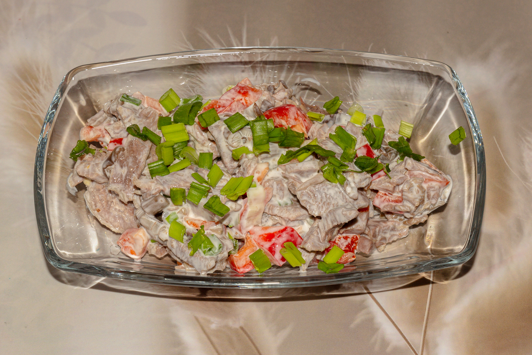 Для заправки салата необходимо смешать 2 ст.л. лимонного сока, 180 г сметаны и 1 ст.л. хрена. В ингредиенты салата отправляем нашу заправку, перемешиваем и украшаем зеленью.
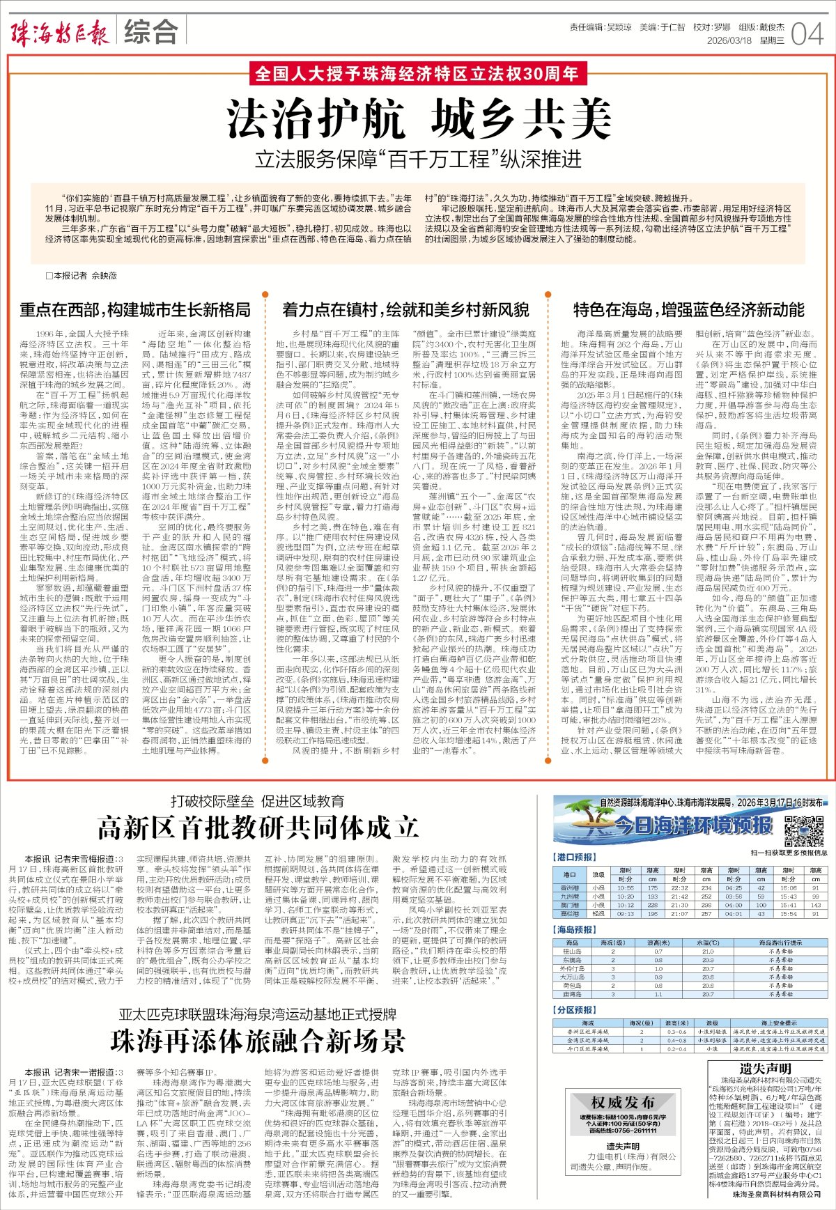 牢记殷殷嘱托,坚定前进航向。珠海市人大及其常委会落实省委、市委部署,用足用好经济特区立法权,制定出台了全国首部聚焦海岛发展的综合性地方性法规、全国首部乡村风貌提升专项地方性法规以及全省首部海钓安全管理地方性法规等一系列法规,勾勒出经济特区立法护航“百千万工程”的壮阔图景,为城乡区域协调发展注入了强劲的制度动能。
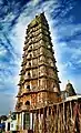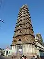 There are intricately carved statues depicting scenes from Ramayana, Mahabharata, and Bhagavatam on the four sides of the gopurams in each floor. The Sikhara of the temple is carved with statues depicting Bala Ramayana (childhood of Rama).[2] Devotees can reach the top storey of the gopurams through a 300-step climb.
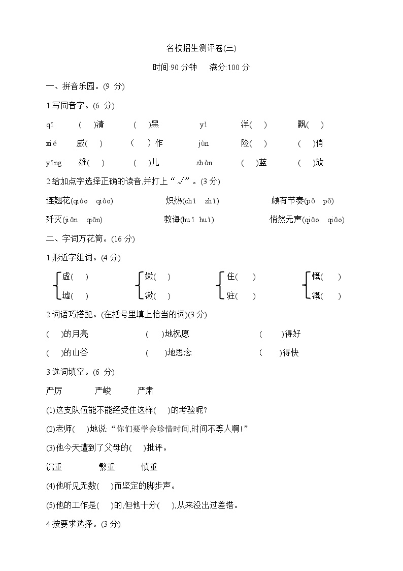 本试卷格式规范,印刷清晰,适合家庭自学或课堂统一使用。通过练习这份名校招生语文测评试卷,学生能够熟悉考试题型,掌握答题技巧,提高应试能力。试题内容紧密结合教材重点,能够有效帮助学生巩固知识,提升语文素养,为进入理想名校做好充分准备。
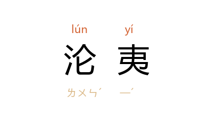 引《新唐书·刘瑑传》:“王夷甫 相 晋,崇尚浮虚,以述流品,卒致沦夷。”清 王夫之 《薑斋诗话》卷二:“世教沦夷,乐崩而降于优俳。”陶曾佑 《论文学之势力及其关系》:“噫!之二国者,既匪墟於商业,又匪裂於兵威,然国界虽存,国魂早逝,固有之一般原素,潜沦夷於乌托之邦。”
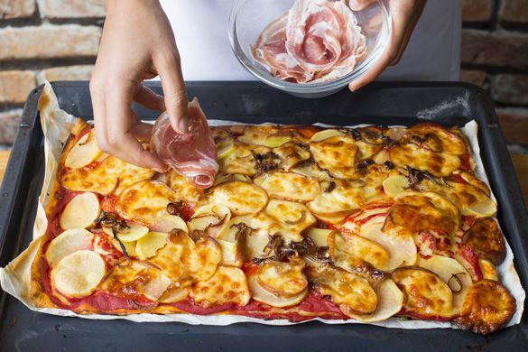 Pancetta ist eine italienische Variante des Bauchspecks vom Schwein, der regional unterschiedlich mit Kräutern gewürzt, gesalzen und luftgetrocknet wird. Gelegentlich wird Pancetta aber auch leicht geräuchert - Heute gibt es diesen bei dir als i-Tüpfelchen auf einer herzhaft belegten Kartoffelpizza mit Käse und frittierten Salbeiblättern.
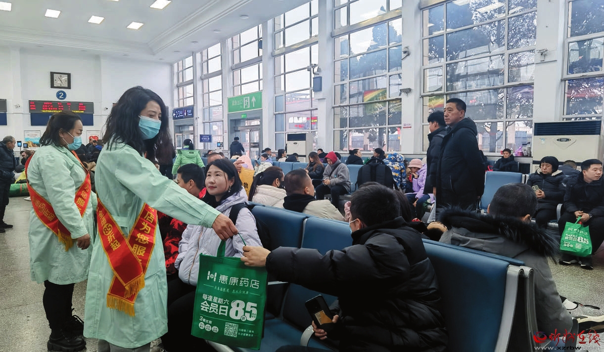 近日,國內(nèi)知名藥企廣州白云山和記黃埔中藥有限公司攜手我市當?shù)厮幤箝_展春運愛心公益活動。圖為工作人員在忻州火車站向候車乘客發(fā)放防流感藥品、口罩等健康禮包。(李建中攝)

**Brief:**
Print, without pictures, exactly the lines from the one containing "There are intricately" through the final line of the records above.

**Solution to this task:**
 There are intricately carved statues depicting scenes from Ramayana, Mahabharata, and Bhagavatam on the four sides of the gopurams in each floor. The Sikhara of the temple is carved with statues depicting Bala Ramayana (childhood of Rama).[2] Devotees can reach the top storey of the gopurams through a 300-step climb.
 本试卷格式规范,印刷清晰,适合家庭自学或课堂统一使用。通过练习这份名校招生语文测评试卷,学生能够熟悉考试题型,掌握答题技巧,提高应试能力。试题内容紧密结合教材重点,能够有效帮助学生巩固知识,提升语文素养,为进入理想名校做好充分准备。
 引《新唐书·刘瑑传》:“王夷甫 相 晋,崇尚浮虚,以述流品,卒致沦夷。”清 王夫之 《薑斋诗话》卷二:“世教沦夷,乐崩而降于优俳。”陶曾佑 《论文学之势力及其关系》:“噫!之二国者,既匪墟於商业,又匪裂於兵威,然国界虽存,国魂早逝,固有之一般原素,潜沦夷於乌托之邦。”
 Pancetta ist eine italienische Variante des Bauchspecks vom Schwein, der regional unterschiedlich mit Kräutern gewürzt, gesalzen und luftgetrocknet wird. Gelegentlich wird Pancetta aber auch leicht geräuchert - Heute gibt es diesen bei dir als i-Tüpfelchen auf einer herzhaft belegten Kartoffelpizza mit Käse und frittierten Salbeiblättern.
 近日,國內(nèi)知名藥企廣州白云山和記黃埔中藥有限公司攜手我市當?shù)厮幤箝_展春運愛心公益活動。圖為工作人員在忻州火車站向候車乘客發(fā)放防流感藥品、口罩等健康禮包。(李建中攝)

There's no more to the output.